May also become effectively irrelevant if useful context size exceeds the length of something massive like a novel.

> However, I would like to say that I see this domain as an interesting area of research; and most certainly neither a) a solved problem, or b) a dead end. There's definitely stuff here worth playing with and exploring.

Fully agree. Marsha of today doesn't "solve" it (and depending on your acceptance level of C floating point changes, may never do so) but I say pretty confidently that it is further along than Copilot, and I don't see why it won't improve in the future.

[1]: https://stackoverflow.com/questions/7517588/different-floati... [2]: https://stackoverflow.com/questions/64036879/differing-float...

> You're a bit too black-and-white on this situation.

While I agree with your other points, I feel this argument doesn't really hold water.

The output of the c compiler is deterministic.

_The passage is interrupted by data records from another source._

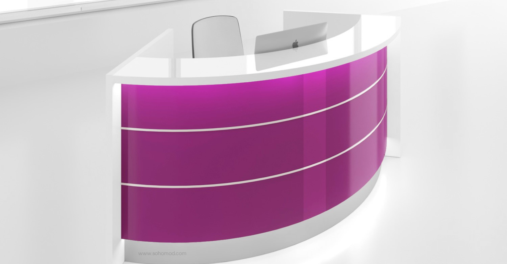 Tato nadčasová recepce s lesklými bílými prvky evokuje vzdušnost a čistotu prostoru. Doplňkové barvy pak můžete zvolit podle vaši firemní identity. Dynamiku celkovému designu dodávají hliníkové horizontální lišty. Recepční pulty z řady Valde se díky svému univerzálnímu charakteru hodí do různých typů interiérů, kterým okamžitě vdechnou nový život!
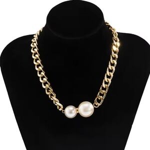 Anthropologie Ginevra Pearl Gold Chain Statement Necklace
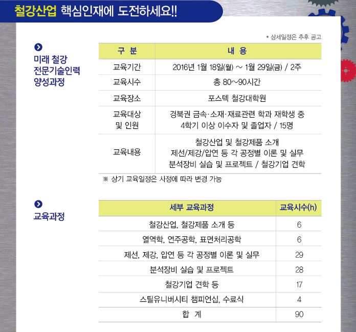 본 교육과정은 경북지역 철강업체에서 미래에 핵심기술인력으로 활약할 관련 전공생분들께 철강 산업의 비전과 경력개발 가능성을 소개하고 관련 고급 산업 전문 기술역량을 미리 체험하게 함으로써 지역철강업계에서 주목받을 수 있는 준비된 경쟁력을 갖춘 인력으로 거듭날 수 있는 기회를 제공코자 기획됐다.
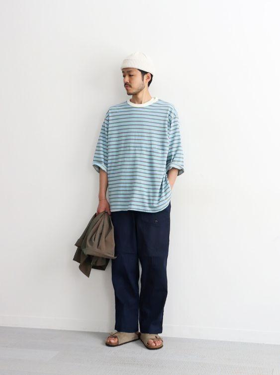 When men wear summer outfits, their ideas are different from those of women. A slimmer T-shirt will weigh you down and make it impossible to achieve a sense of fashion as a whole. And in such a sultry season, of course the loose version is more comfortable.
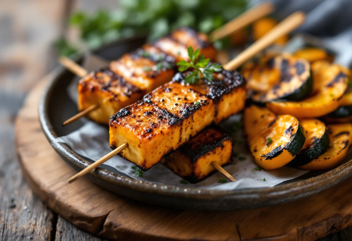 Scopri la bontà degli spiedini di tofu affumicato e zucca, un piatto vegetale ricco di sapore.
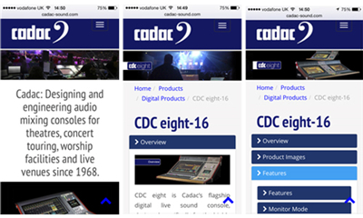近期,Cadac對官方網(wǎng)站www.cadac-sound.com 進行了優(yōu)化。優(yōu)化后,網(wǎng)站上提供了更多關(guān)于Cadac及其產(chǎn)品的信息和圖片,并且可以為臺式電腦/iPad/平板電腦/手機提供更好的瀏覽和導(dǎo)航。
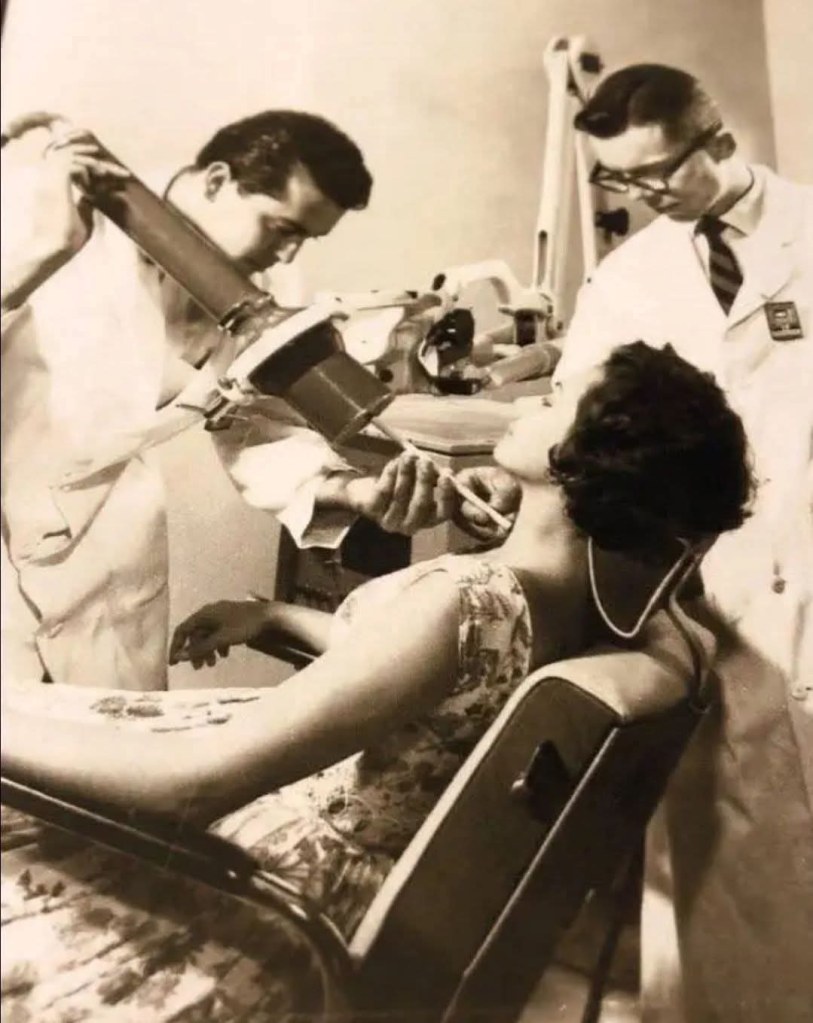 Neanche un grembiule di piombo in vista. Perché negli anni ’60, la radiazione non era temuta — era celebrata. Non era ignoranza, era il culmine della medicina moderna.

I struggle very hard to believe that the floating point rounding errors when you compile C will cause it to occasionally emit a binary that is not byte-identical multiple sequential runs in a row.

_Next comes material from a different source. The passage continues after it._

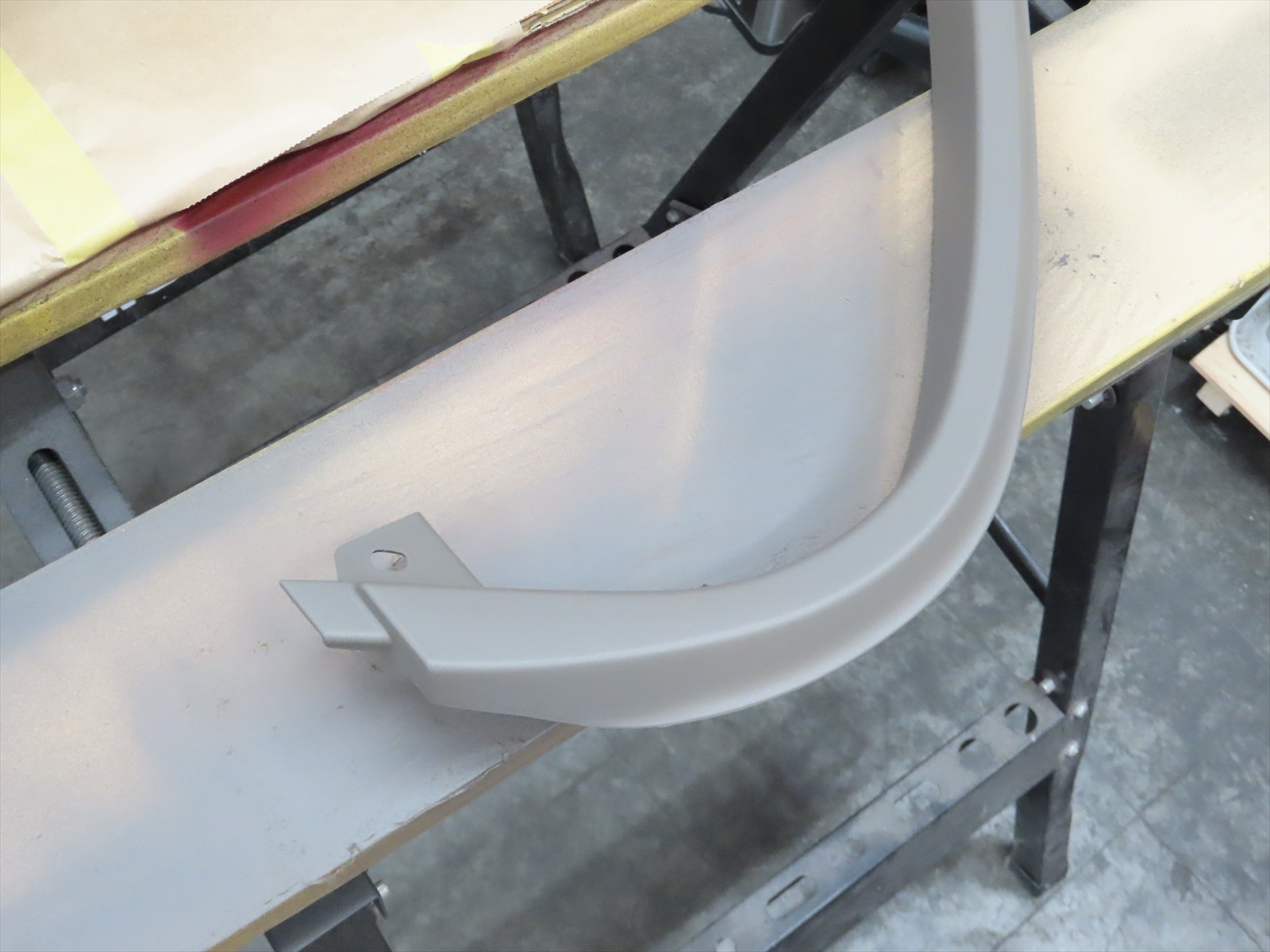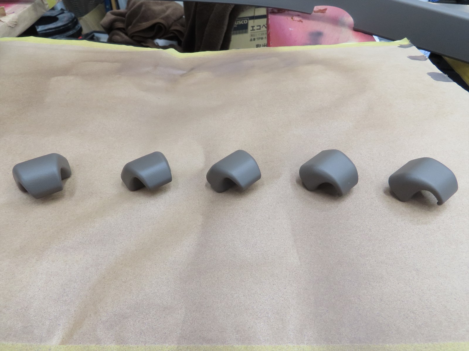 まず長物のモールですが、リアドアのウィンドウガラスの内装モールですね!・・・本来、左側の5個の小さいパーツを塗装することになっていましたが・・・パーツ脱着の際にモールにキズをつけてしまった!(;^_^Aとの事で、急遽・・・リペアすることになりました。

What any program does at runtime is essentially non-deterministic, and that's 100% not what we're talking about here.

If you consider https://github.com/alantech/marsha/blob/main/examples/web/we... ...

The generated output of this file is a probability distribution with a sweet spot where the code does what you want; there are multiple outputs of code that sit in the sweet spot. You want one of these.

The actual output of this file is a probability distribution that includes the examples, but may or may not overlap the sweet spot of 'actually does the right thing'.

...in fact, and there's no specific reason to expect that, regardless of the number of examples you provide, the distribution that includes those examples also includes the sweet spot.

For common examples it will, but I'd argue that it's actually provable that there are times (eg. where the output length of a valid solution would be > the possible out of the model), that regardless of the examples / tests, it's not actually possible to generate a valid solution from. Just like how constraint solvers will sometimes tell you there's no solution that matches all the constraints.

So, that would be like a compiler error. "You've asked for something impossible".

...but I imagine it would be very very difficult to tell the difference between inputs that overlap the sweet spot and those that don't; the ones that don't will have solutions that look right, but actually only cover the examples; and there's literally no way of telling the difference between that and a correct solution without HFRL.

It seem like an intractable problem to me.

> Different tools for different scenarios, so if that is a huge problem, don't use Marsha as it currently is.